On 2025-04-08 10:38 pm, Jason Gunthorpe wrote:
On Wed, Apr 09, 2025 at 12:33:41AM +0300, Fedor Pchelkin wrote:
The following crash is observed while handling an IOMMU fault with a
recent kernel:

kernel tried to execute NX-protected page - exploit attempt? (uid: 0)
BUG: unable to handle page fault for address: ffff8c708299f700
PGD 19ee01067 P4D 19ee01067 PUD 101c10063 PMD 80000001028001e3
Oops: Oops: 0011 [#1] SMP NOPTI
CPU: 4 UID: 0 PID: 139 Comm: irq/25-AMD-Vi Not tainted 6.15.0-rc1+ #20 PREEMPT(lazy)
Hardware name: LENOVO 21D0/LNVNB161216, BIOS J6CN50WW 09/27/2024
RIP: 0010:0xffff8c708299f700
Call Trace:
<TASK>
? report_iommu_fault+0x78/0xd3
? amd_iommu_report_page_fault+0x91/0x150
? amd_iommu_int_thread+0x77/0x180
? __pfx_irq_thread_fn+0x10/0x10
? irq_thread_fn+0x23/0x60
? irq_thread+0xf9/0x1e0
? __pfx_irq_thread_dtor+0x10/0x10
? __pfx_irq_thread+0x10/0x10
? kthread+0xfc/0x240
? __pfx_kthread+0x10/0x10
? ret_from_fork+0x34/0x50
? __pfx_kthread+0x10/0x10
? ret_from_fork_asm+0x1a/0x30
</TASK>

report_iommu_fault() checks for an installed handler comparing the
corresponding field to NULL. It can (and could before) be called for a
domain with a different cookie type - IOMMU_COOKIE_DMA_IOVA, specifically.
Cookie is represented as a union so we may end up with a garbage value
treated there if this happens for a domain with another cookie type.

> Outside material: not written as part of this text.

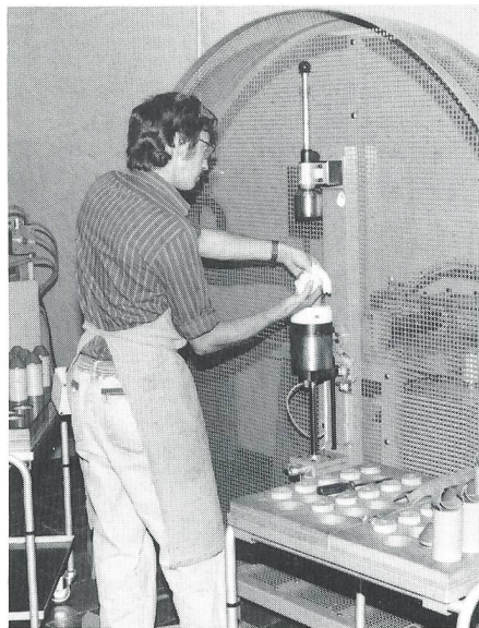
Die Angehörigen der Belegschaft gelten auf dem Gebiet der Munitions- und Sprengstoffverarbeitung als qualifizierte Fachkräfte.

Die Anlage wird mithelfen, diese speziellen Arbeitsplätze zu erhalten, denn eine Fertigung von Produkten wie Panzerfaust, Pulverladungen und Beleuchtungsmunition, aber auch das Delaborieren von obsoletter Munition wäre in der heutigen Zeit in den alten Gebäuden des Feuerwerkers nicht mehr denkbar. Die dritte und letzte Etappe ist Ende 1993 dem Betrieb übergeben worden. In den Jahren 1990 und 91 wurden die beiden ersten Bauetappen sukzessive in Betrieb genommen. Die ersten Betriebsjahre zeigen, dass unter bestmöglichen Sicherheitsbedingungen eine wirtschaftliche Fertigung möglich ist und man damit von einem gelungenen Bauwerk sprechen kann. Wir sind überzeugt, dass wir heute ein auf die Zukunft ausgerichtetes, zweckmässiges Bauwerk einweihen, an einem für die Sprengstoffverarbeitung idealen Standort, abseits von Agglomerationen und Hauptverkehrsachsen.

Formerly there were two exclusive cookie types in the union.
IOMMU_DOMAIN_SVA has a dedicated iommu_report_device_fault().

Call the fault handler only if the passed domain has a required cookie
type.

Found by Linux Verification Center (linuxtesting.org).

Fixes: 6aa63a4ec947 ("iommu: Sort out domain user data")
Signed-off-by: Fedor Pchelkin <pchelkin@xxxxxxxxx>
---

Reviewed-by: Jason Gunthorpe <jgg@xxxxxxxxxx>

This should go to rc

iommu-dma itself isn't ever going to use a fault
handler because it expects the DMA API to be used correctly and thus no
faults to occur.

My first thought about this is that iommu-dma is not interested in
installing a fault handler ever, okay. But why does it suppose that no
faults would occur? It is a matter of "chance", firmware bugs, abovesaid
DMA API abusing, etc... isn't it?

Yes, it should not happen, this driver is clearly buggy.

Right, it's not that we assume no faults can occur at all, just that any faults are *unexpected* since they represent some device or driver doing something wrong in any number of ways, thus there is nothing a fault handler could reasonably do except print "a fault happened!", which every IOMMU driver is going to do anyway, therefore there is no need to support fault handlers on DMA domains.

But indeed it is now erroneous to be dereferencing domain->handler without checking that it is in fact a handler, sorry I missed that.

Thanks,
Robin.